▸ Source material:

= = = =

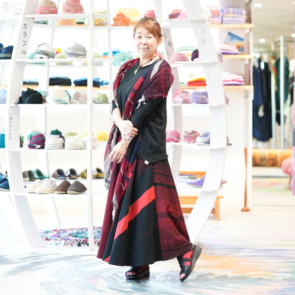 大胆な色使いの生地を
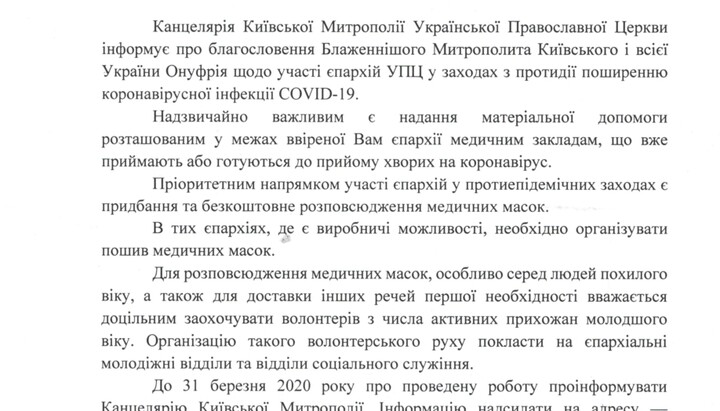 On March 23, 2020, the Primate of the UOC, His Beatitude Metropolitan Onuphry of Kiev and All Ukraine signed a circular in which he blessed all dioceses to take part in activities to combat the spread of coronavirus. This was announced by the UOC Information and Education Department.
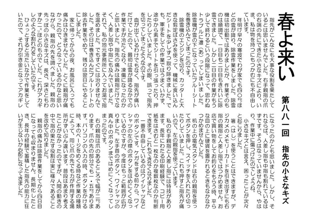 活動レポート2234号、「春よ来い」シリーズの第881回、「指先の小さなキズ」をホームページに掲載しました。下線のついたところにタッチしてご覧ください。
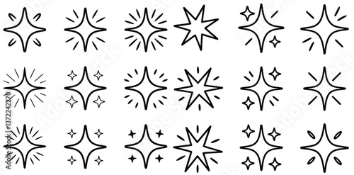 Shining Symbols: A collection of stylized starburst symbols in a variety of shapes and sizes, ready for use in designs. Conveying brightness, magic, and positive energy.
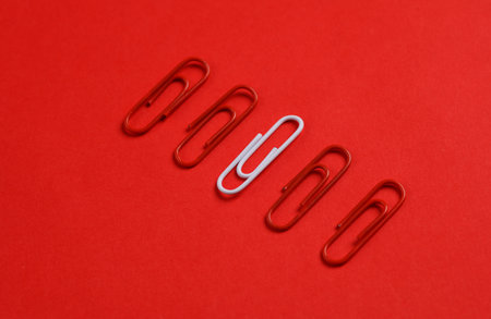 Red and white paper clips on red background. creative layout. business concept. Exclusivity, uniqueness. Don't be like everyone else
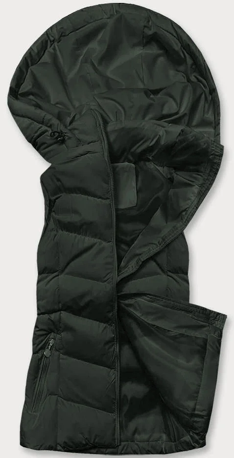 Péřová dámská vesta v army barvě s kapucí (5M720-136)
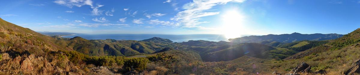 Before that, we pass the Tour Madeloc. The road is new to us. Last year we could not drive it because of a fallen tree. Magnificent view of the French Mediterranean coast from there.
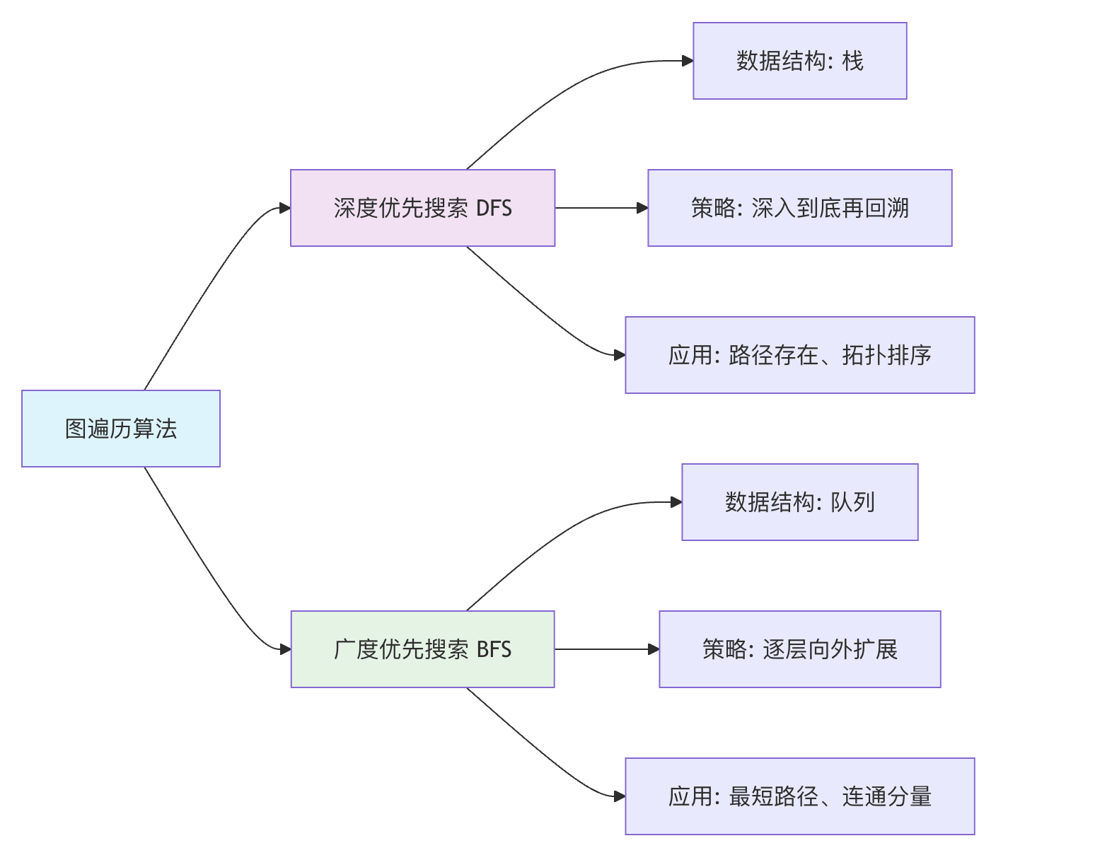 深度优先搜索(DFS)像"走迷宫"一样,选择一条路走到尽头,然后回溯,再走另一条路。它使用栈(或递归)来实现。
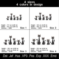 Cute Halloween machine embroidery design with five black cats sitting in a row – perfect for spooky and cat lover projects.
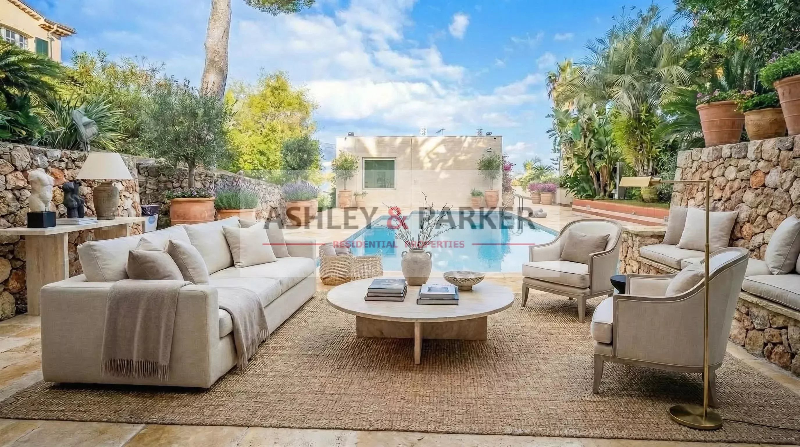 Le jardin méditerranéen paysagé entoure la propriété et propose plusieurs espaces de détente ainsi qu’une piscine privée avec terrasses ensoleillées.

= = = =

Exclude images and repeat all entries exactly.

▸ Response box:
 大胆な色使いの生地を
 On March 23, 2020, the Primate of the UOC, His Beatitude Metropolitan Onuphry of Kiev and All Ukraine signed a circular in which he blessed all dioceses to take part in activities to combat the spread of coronavirus. This was announced by the UOC Information and Education Department.
 活動レポート2234号、「春よ来い」シリーズの第881回、「指先の小さなキズ」をホームページに掲載しました。下線のついたところにタッチしてご覧ください。
 Shining Symbols: A collection of stylized starburst symbols in a variety of shapes and sizes, ready for use in designs. Conveying brightness, magic, and positive energy.
 Red and white paper clips on red background. creative layout. business concept. Exclusivity, uniqueness. Don't be like everyone else
 Péřová dámská vesta v army barvě s kapucí (5M720-136)
 Before that, we pass the Tour Madeloc. The road is new to us. Last year we could not drive it because of a fallen tree. Magnificent view of the French Mediterranean coast from there.
 深度优先搜索(DFS)像"走迷宫"一样,选择一条路走到尽头,然后回溯,再走另一条路。它使用栈(或递归)来实现。
 Cute Halloween machine embroidery design with five black cats sitting in a row – perfect for spooky and cat lover projects.
 Le jardin méditerranéen paysagé entoure la propriété et propose plusieurs espaces de détente ainsi qu’une piscine privée avec terrasses ensoleillées.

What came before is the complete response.